Неложное присутствие в условиях действительной разлуки – вот что такое близкий этот голос! Но и предвестие разлуки вечной! Много раз, когда я слушал и не видел говорившую со мной издалека, мне казалось, будто ее голос взывает из такой бездны, откуда уже не выберешься, и я предчувствовал, как сожмется у меня сердце в день, когда этот голос (один, уже вне тела, которое я больше никогда не увижу) прошепчет мне на ухо слова, и слова эти мне так страстно захочется поцеловать при их излете из уст, но уста навсегда превратятся в прах[160].
Голос, отделенный от тела, напоминает голос смерти.
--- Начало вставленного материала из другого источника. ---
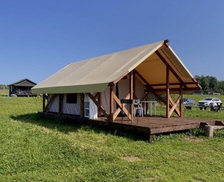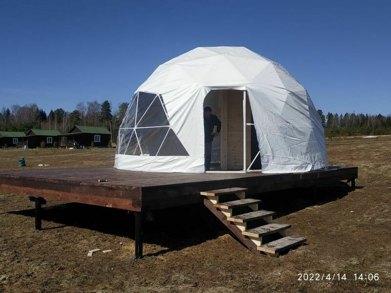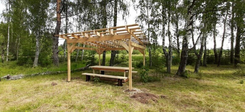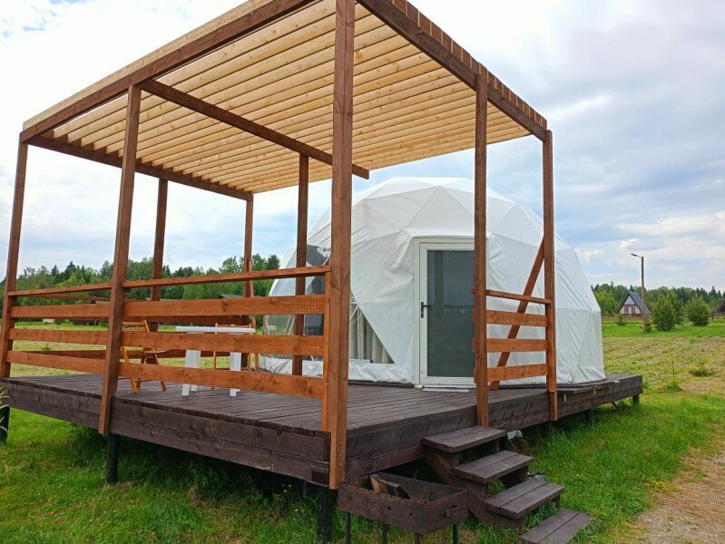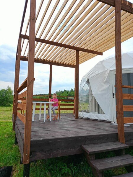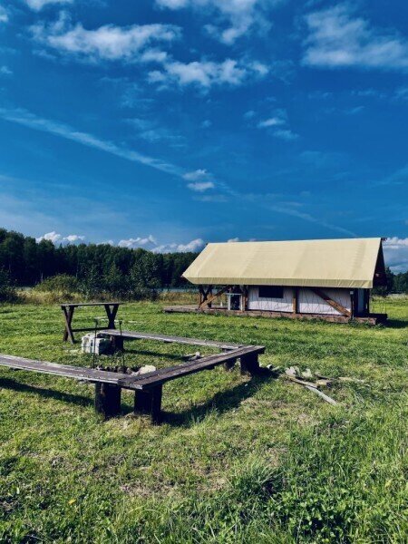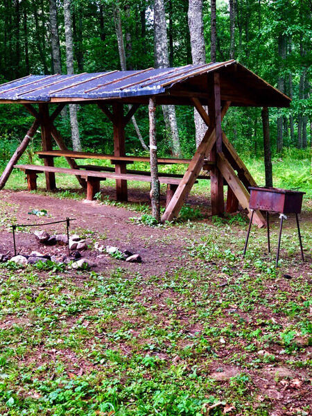 В цену размещения также входит крытая беседка, аренда мангала и запас дров на сутки.
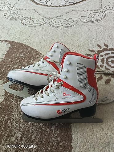 Коньки классические, белые. 37-38 размер - Модель: женские/подростковые, высокие ботинки на шнуровке - Материал верха: синтетическая кожа с декоративной строчкой и принтом на пятке - Подошва/каблу...
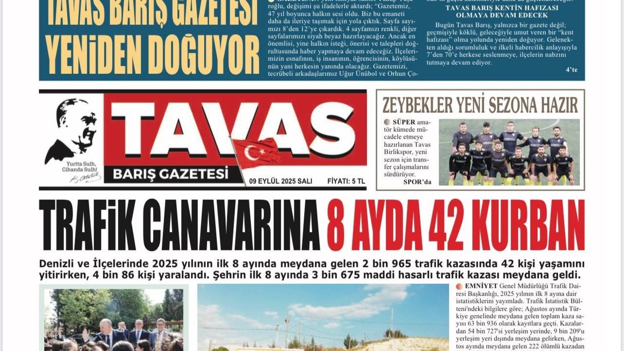 Haftada 2 kez olmak üzere Salı ve Cuma günleri yayımlanacak Tavas Barış Gazetesi artık 12 sayfa olacak. Gazetenin ilk ve son sayfası ile 6 ve 7. Sayfaları renkli, iç sayfalar ise siyah-beyaz hazırlanacak. Bu değişiklikle birlikte gazete, hem görsel anlamda daha zengin bir içerik sunacak hem de okurlarına daha geniş bir haber yelpazesi ulaştıracak.

Рассказчик впервые разговаривает со своей бабушкой по телефону, и он потрясен этим новым и неожиданным опытом.
…После нескольких секунд молчания, неожиданно услышал голос, который до сих пор напрасно казался мне знакомым, напрасно потому, что всякий раз, когда бабушка со мной разговаривала, я следил за тем, что она говорит, по раскрытой партитуре ее лица, в котором большое место занимали глаза, самый же ее голос я слышал сегодня впервые. хрупкий вследствие деликатности, казалось, он вот-вот разобьется, изойдет чистым потоком слез; затем, так как он был со мною один, без маски лица, я впервые заметил, что он надтреснут от житейских невзгод[161].
Слыша вдруг этот голос так, как ему еще никогда не приходилось его слышать, как нечто более близкое и все же недостижимое, он оказывается охваченным смертельным страхом: «Я кричал: „Бабушка, бабушка!“ – и мне хотелось поцеловать ее; но около меня был только ее голос, призрачный, такой же неосязаемый, как тот, что, быть может, придет ко мне, когда ее не будет в живых»[162].